WORK INSTRUCTION - A word-for-word copy of the listing is what's needed; leave out every image.

INPUT DATA -
####

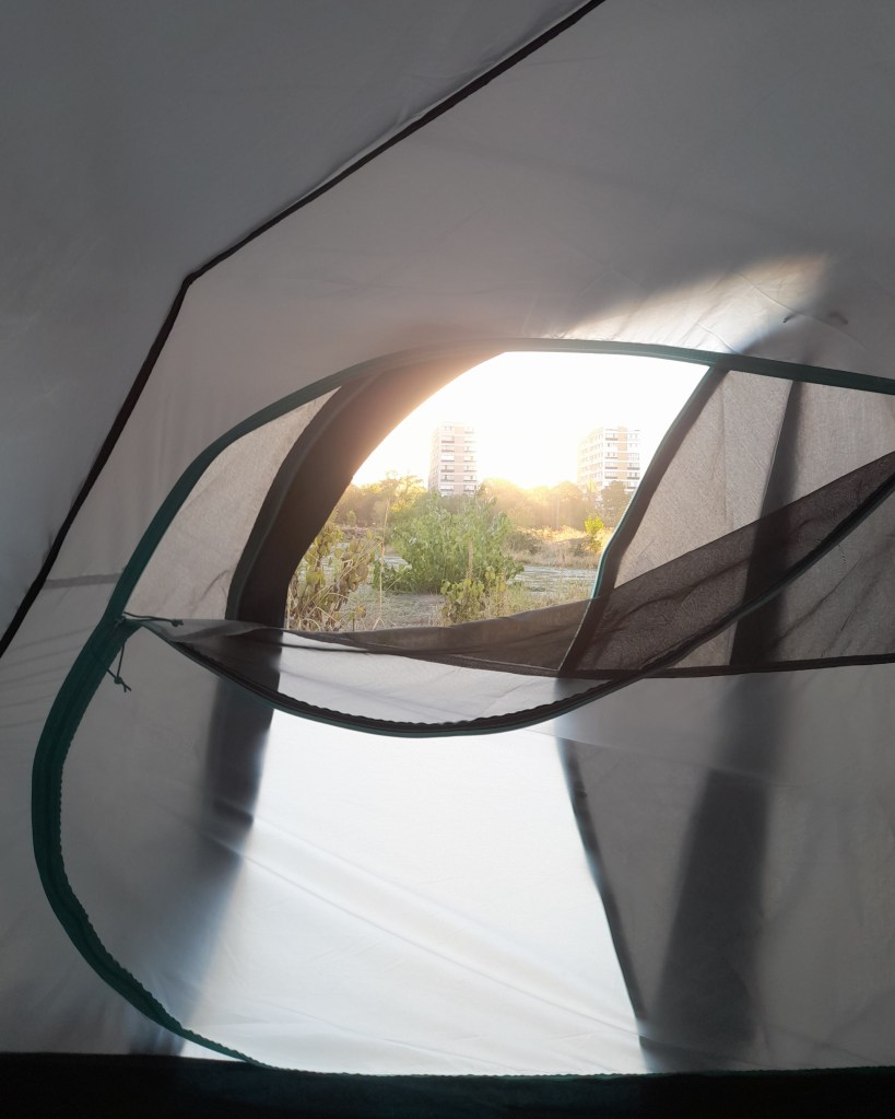 Lanterna pâlpâie în tavanul căsuței-noastre cort. Orașul e cuprins de parcul-pădure, sunt sigură că ne mințim dacă spunem că nu se mai poate face nimic pentru natura asta. Lipsește doar s-o lăsați în pace (“Natura lăsată de capul ei este o natură care se reîmpădurește spontan.”, după Ernst Zürcher). Totul trăiește, e demn și așteaptă explorarea la pas. Chiar și noaptea, din somn, în mijlocul teritoriului de aici, cum am ales noi să o facem.
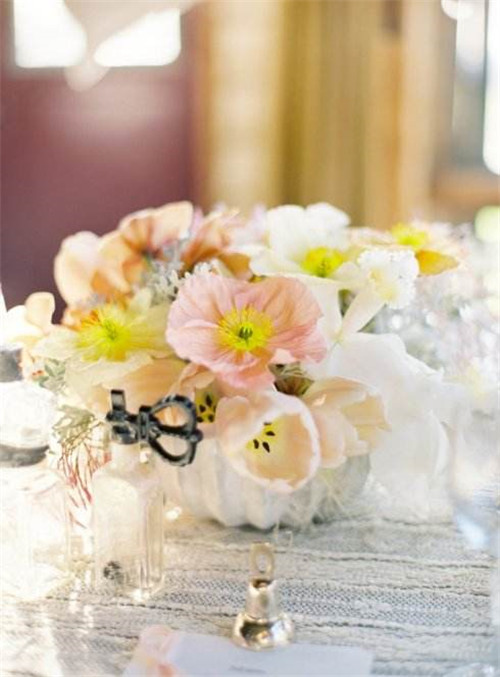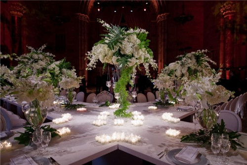 新人在选择桌花的时候还要注意考虑到婚礼现场的特点。比如新人的婚礼如果是设在楼层较高空间较大的会场,那就需要选择具有一定高度的桌花,使之与较高的会场空间呼应,避免看上去太过空洞。
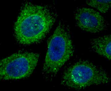 Fig3:; ICC staining of KDEL in HepG2 cells (green). Formalin fixed cells were permeabilized with 0.1% Triton X-100 in TBS for 10 minutes at room temperature and blocked with 1% Blocker BSA for 15 minutes at room temperature. Cells were probed with the primary antibody ( 1/500) for 1 hour at room temperature, washed with PBS. Alexa Fluor®488 Goat anti-Rabbit IgG was used as the secondary antibody at 1/1,000 dilution. The nuclear counter stain is DAPI (blue).
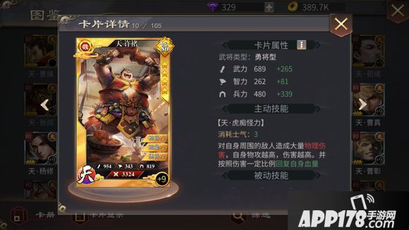 武力 689 智力 262 兵力 480 技能消耗士气3点,对自身周围的敌人造成大量物理伤害,自身物攻越高,伤害越高,并按照伤害一定比例回复自身血量 PS:以上数值及技能描述请以最终版本准备! |
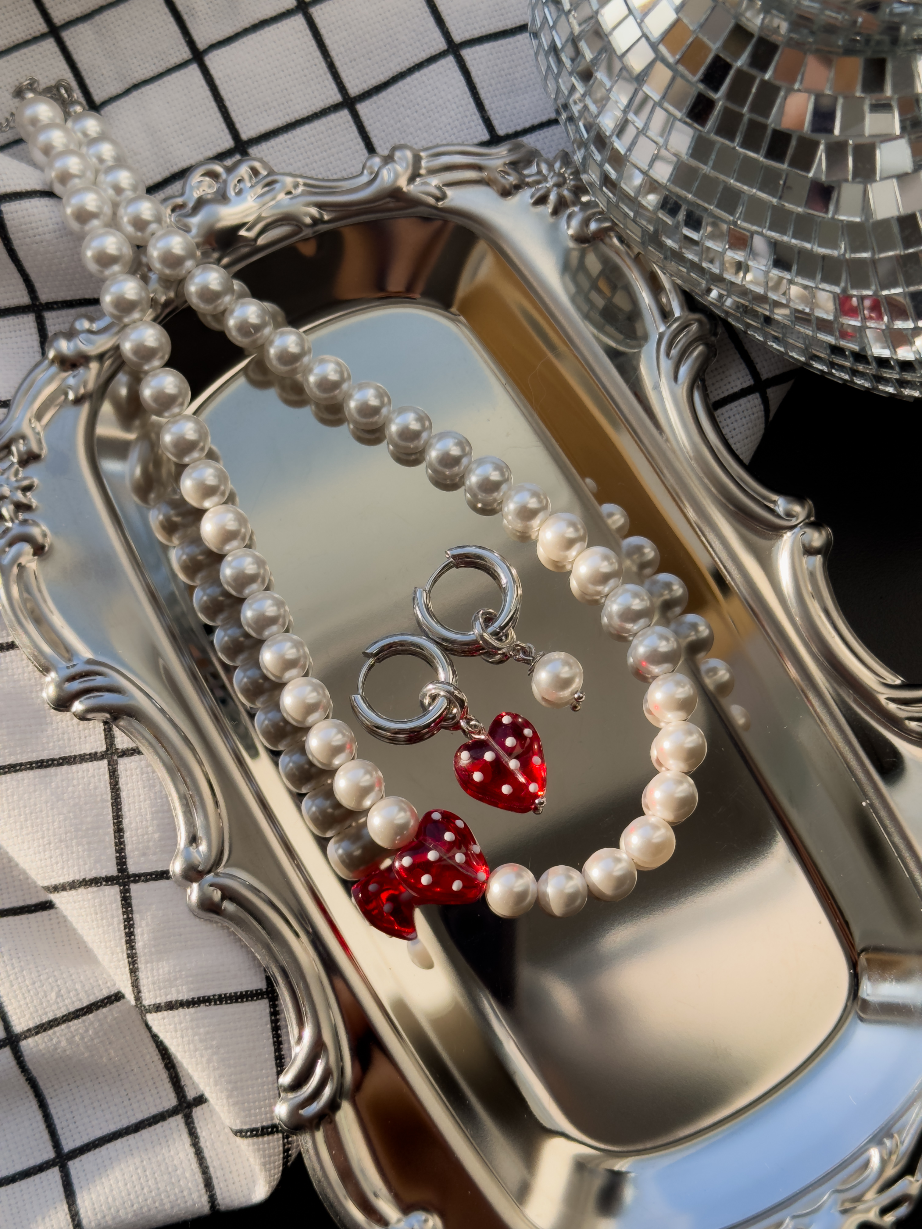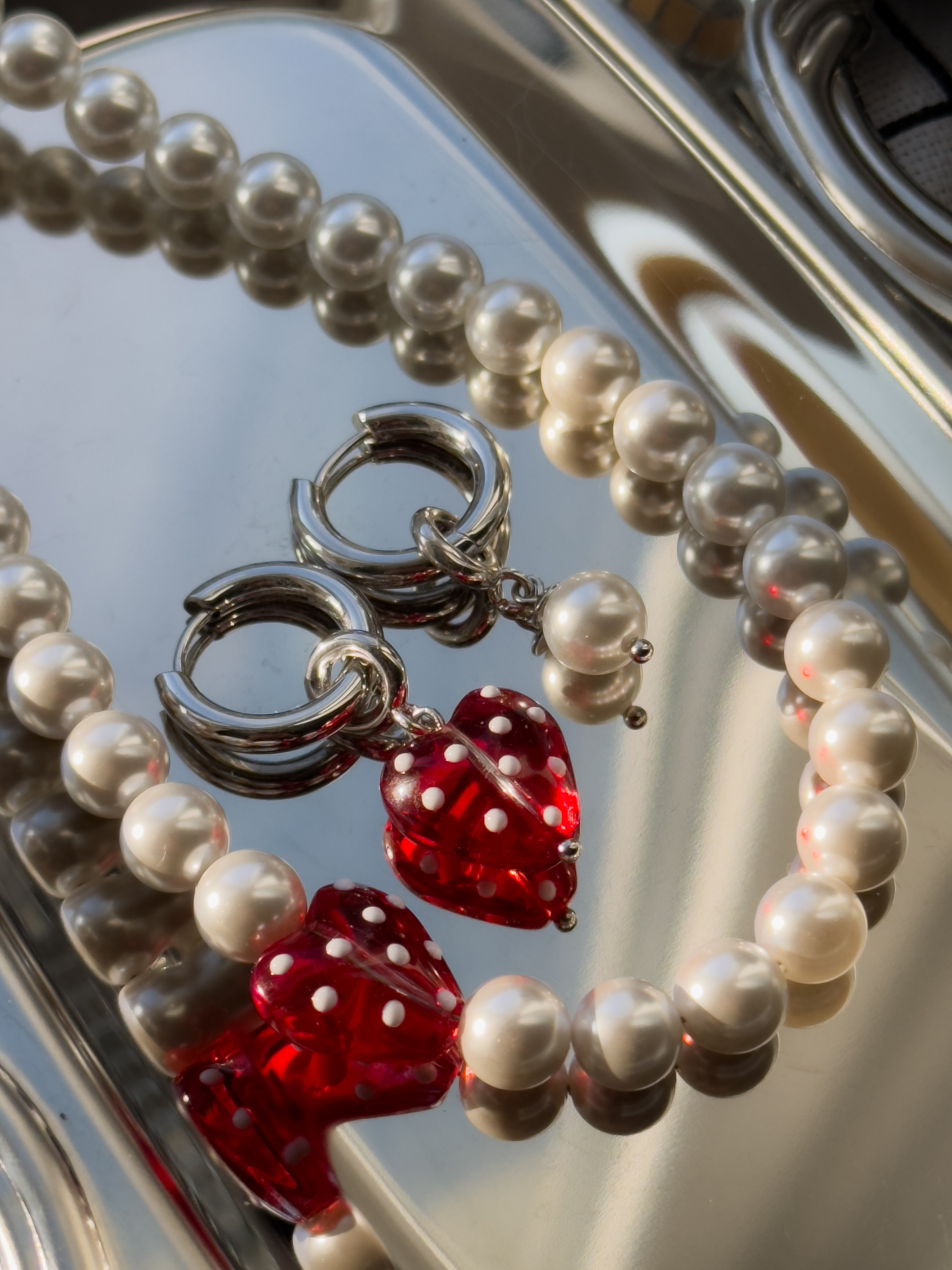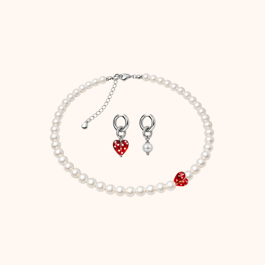 Перекрасный комплект ручной работы: чокер из жемчужинок майорка и стеклянного сердца, серьги с подвесками из жемчужины майорка и стеклянного сердца.
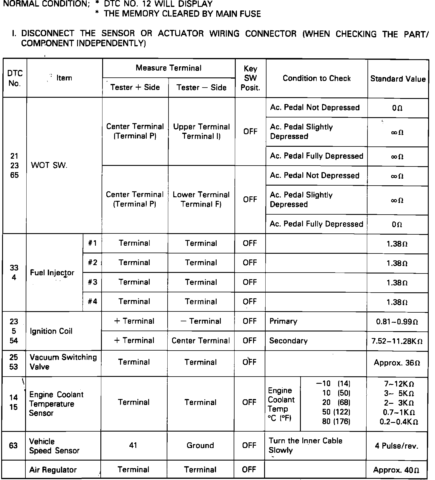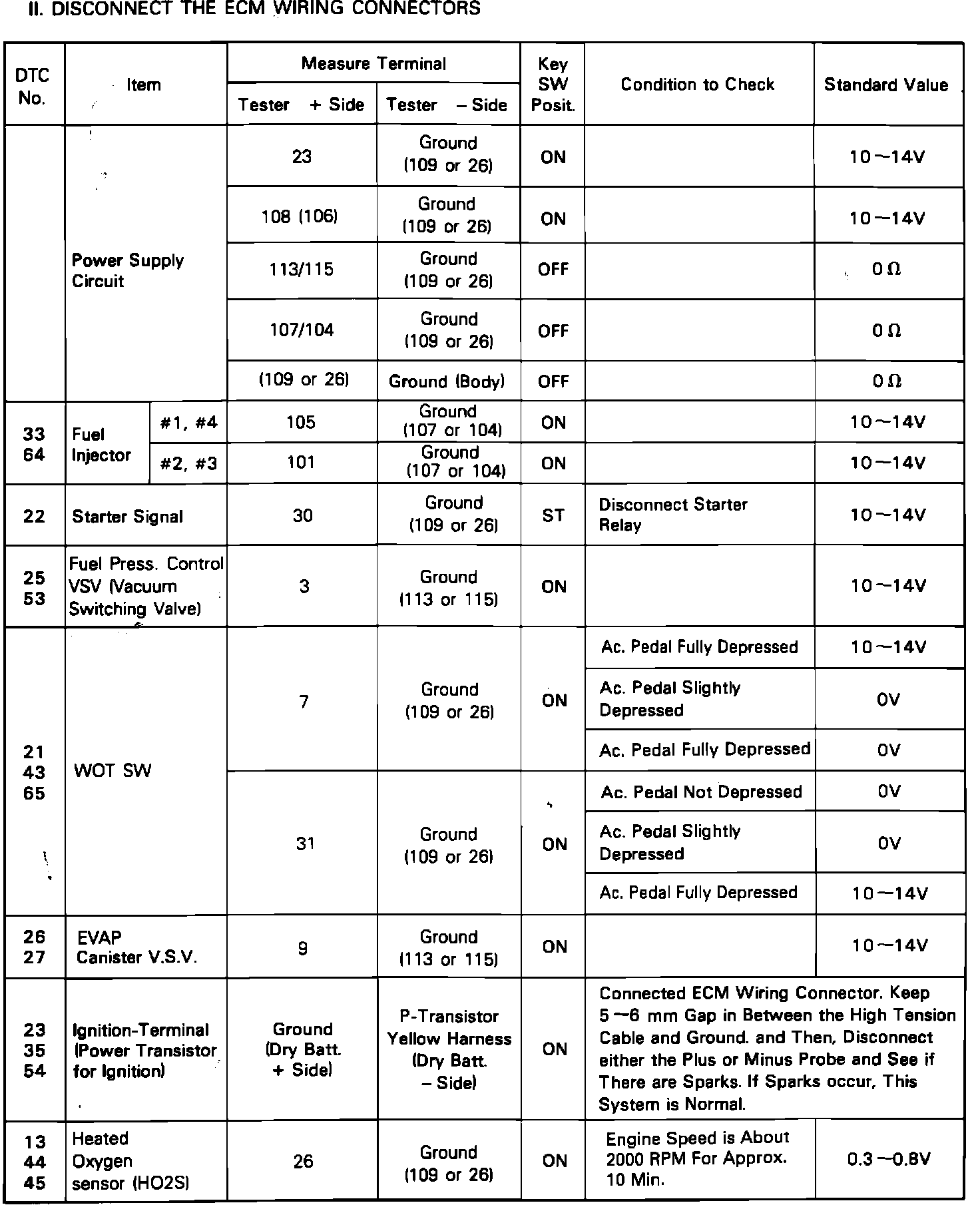 EXPECTED VALUES AT ECM WITH HARNESS DISCONNECTED
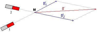 $$\overrightarrow{\boldsymbol{B}}=\overrightarrow{\boldsymbol{B}_{\mathbf{1}}}+\overrightarrow{\boldsymbol{B}_{2}}$$
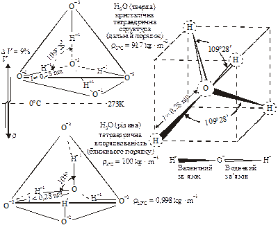 Молекули води, маючи значний дипольний момент, можуть взаємодіяти одна з одною, утворюючи так звані водневі зв’язки. Однак у фазі пари вода в основному одномолекулярна: атоми водню і кисню зв’язані ковалентно. У рідкому і твердому станах кожна молекула утворює чотири водневі зв’язки, з яких два — як донор протонів (Н+1) і два — як акцептор протонів. Усі чотири водневі зв’язки молекули води спрямовано (рис. 23) приблизно до вершин правильного тетраедра (або перехресних кутів протилежних граней куба).

####

ANSWER FOR THE TASK -
 Lanterna pâlpâie în tavanul căsuței-noastre cort. Orașul e cuprins de parcul-pădure, sunt sigură că ne mințim dacă spunem că nu se mai poate face nimic pentru natura asta. Lipsește doar s-o lăsați în pace (“Natura lăsată de capul ei este o natură care se reîmpădurește spontan.”, după Ernst Zürcher). Totul trăiește, e demn și așteaptă explorarea la pas. Chiar și noaptea, din somn, în mijlocul teritoriului de aici, cum am ales noi să o facem.
 新人在选择桌花的时候还要注意考虑到婚礼现场的特点。比如新人的婚礼如果是设在楼层较高空间较大的会场,那就需要选择具有一定高度的桌花,使之与较高的会场空间呼应,避免看上去太过空洞。
 Fig3:; ICC staining of KDEL in HepG2 cells (green). Formalin fixed cells were permeabilized with 0.1% Triton X-100 in TBS for 10 minutes at room temperature and blocked with 1% Blocker BSA for 15 minutes at room temperature. Cells were probed with the primary antibody ( 1/500) for 1 hour at room temperature, washed with PBS. Alexa Fluor®488 Goat anti-Rabbit IgG was used as the secondary antibody at 1/1,000 dilution. The nuclear counter stain is DAPI (blue).
 武力 689 智力 262 兵力 480 技能消耗士气3点,对自身周围的敌人造成大量物理伤害,自身物攻越高,伤害越高,并按照伤害一定比例回复自身血量 PS:以上数值及技能描述请以最终版本准备! |
 Перекрасный комплект ручной работы: чокер из жемчужинок майорка и стеклянного сердца, серьги с подвесками из жемчужины майорка и стеклянного сердца.
 EXPECTED VALUES AT ECM WITH HARNESS DISCONNECTED
 $$\overrightarrow{\boldsymbol{B}}=\overrightarrow{\boldsymbol{B}_{\mathbf{1}}}+\overrightarrow{\boldsymbol{B}_{2}}$$
 Молекули води, маючи значний дипольний момент, можуть взаємодіяти одна з одною, утворюючи так звані водневі зв’язки. Однак у фазі пари вода в основному одномолекулярна: атоми водню і кисню зв’язані ковалентно. У рідкому і твердому станах кожна молекула утворює чотири водневі зв’язки, з яких два — як донор протонів (Н+1) і два — як акцептор протонів. Усі чотири водневі зв’язки молекули води спрямовано (рис. 23) приблизно до вершин правильного тетраедра (або перехресних кутів протилежних граней куба).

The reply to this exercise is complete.